# [Problem requirements]
Copy out the data below as written; omit any images.

# [Information shown]
--

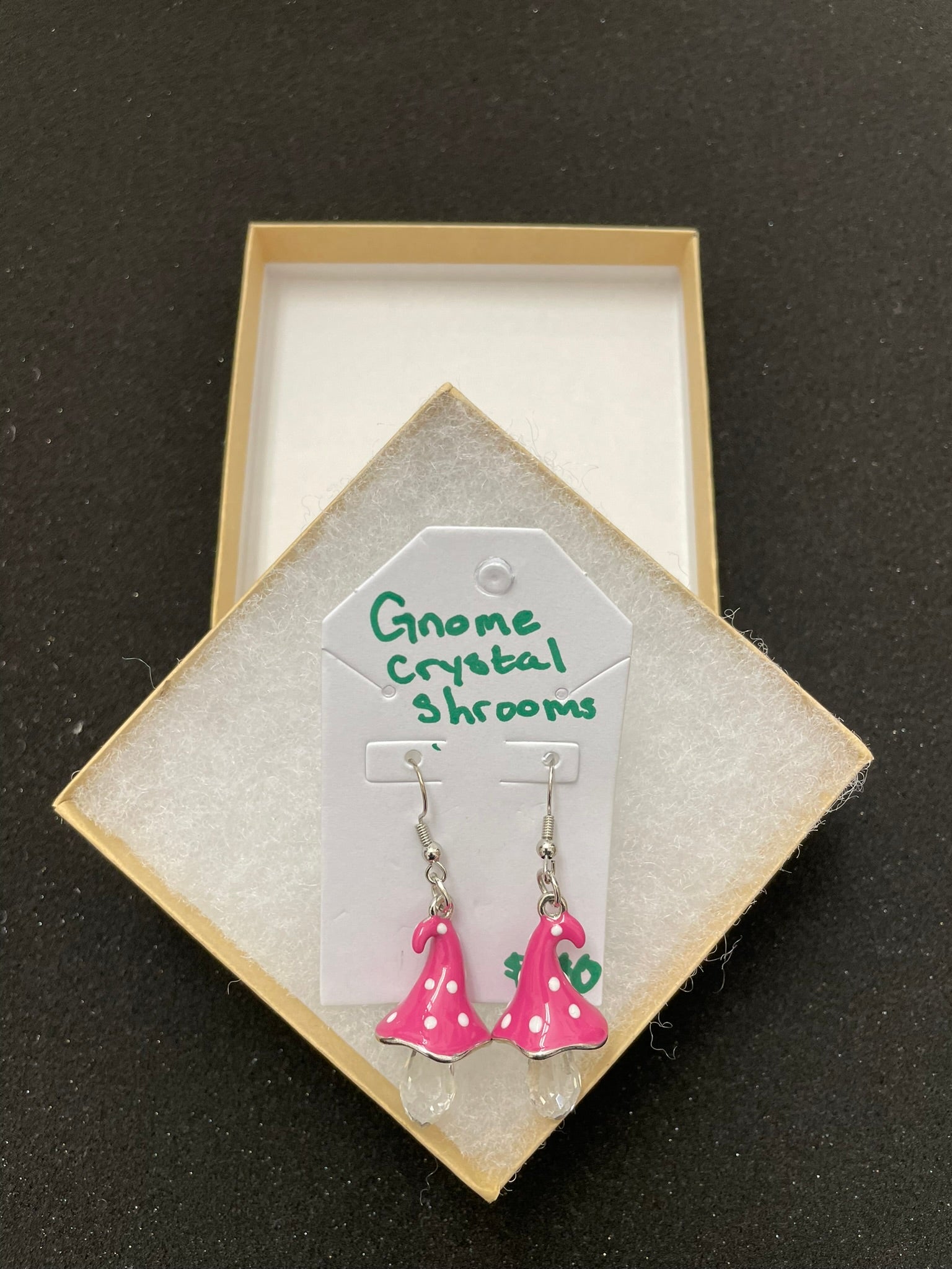 Goose's Handmade Gnome Crystal Shroom Earrings
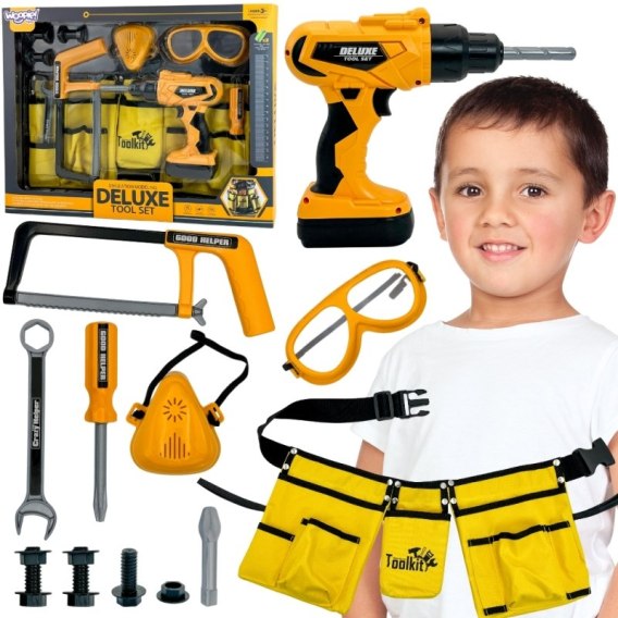 WOOPIE Zestaw Narzędzi Małego Majsterkowicza Gogle Wkrętarka Pas Na Narzędzia 16el.
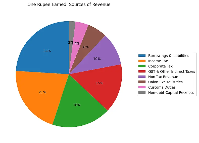 Let us break that one rupee down. Where it comes from. And where it goes. The numbers are based on the official Budget documents and follow the standard rupee-by-rupee presentation used by the finance ministry.
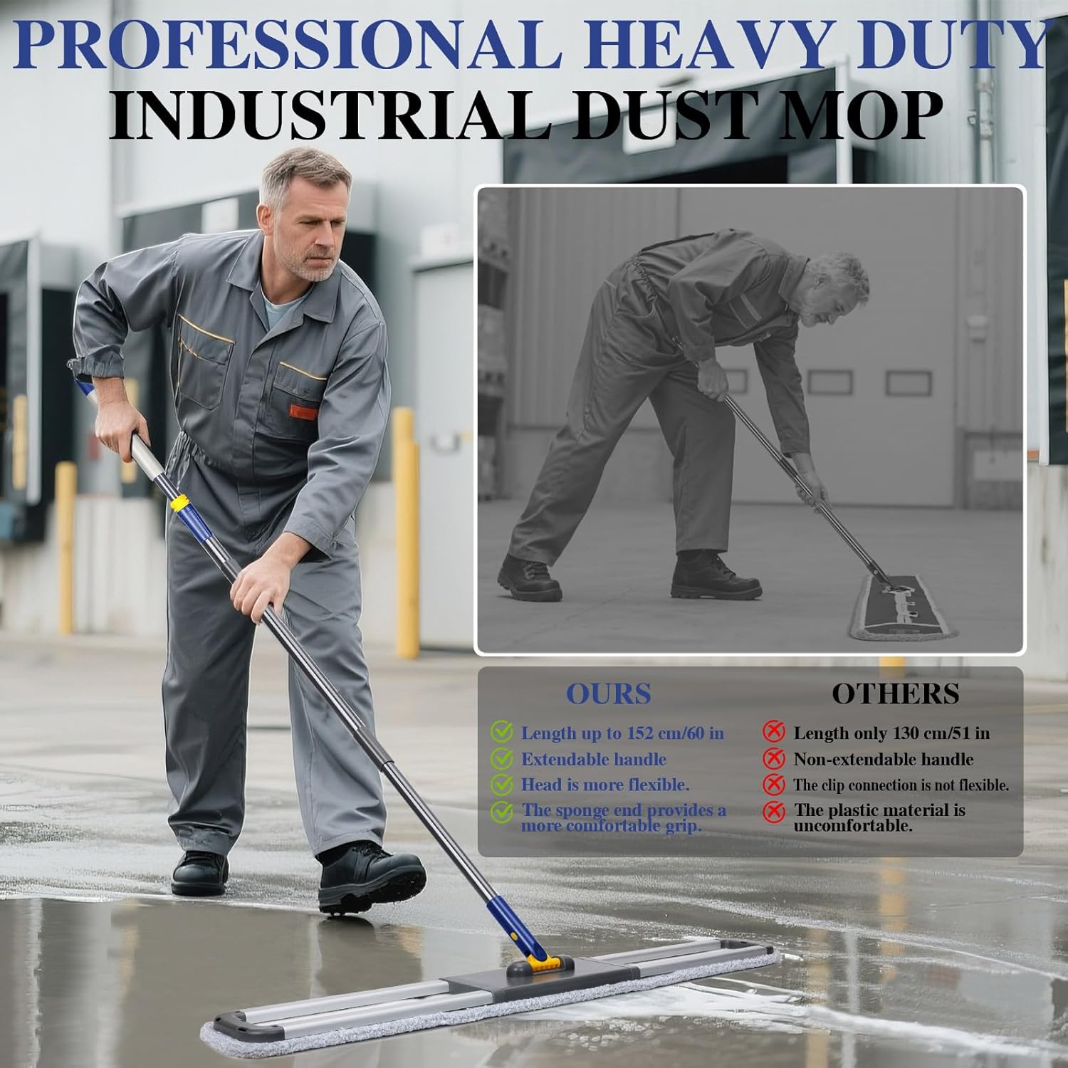 - Lightweight and Flexible: The aluminum wet mop base is durable yet significantly lighter, making cleaning easier. The dust mop head can rotate 360°, making it easy to clean under beds, tables, cabinets, crevices, and any other hard-to-reach areas. The lightweight and flexible wide mop saves time and effort.

--

# [Exercise response]
 Goose's Handmade Gnome Crystal Shroom Earrings
 WOOPIE Zestaw Narzędzi Małego Majsterkowicza Gogle Wkrętarka Pas Na Narzędzia 16el.
 Let us break that one rupee down. Where it comes from. And where it goes. The numbers are based on the official Budget documents and follow the standard rupee-by-rupee presentation used by the finance ministry.
 - Lightweight and Flexible: The aluminum wet mop base is durable yet significantly lighter, making cleaning easier. The dust mop head can rotate 360°, making it easy to clean under beds, tables, cabinets, crevices, and any other hard-to-reach areas. The lightweight and flexible wide mop saves time and effort.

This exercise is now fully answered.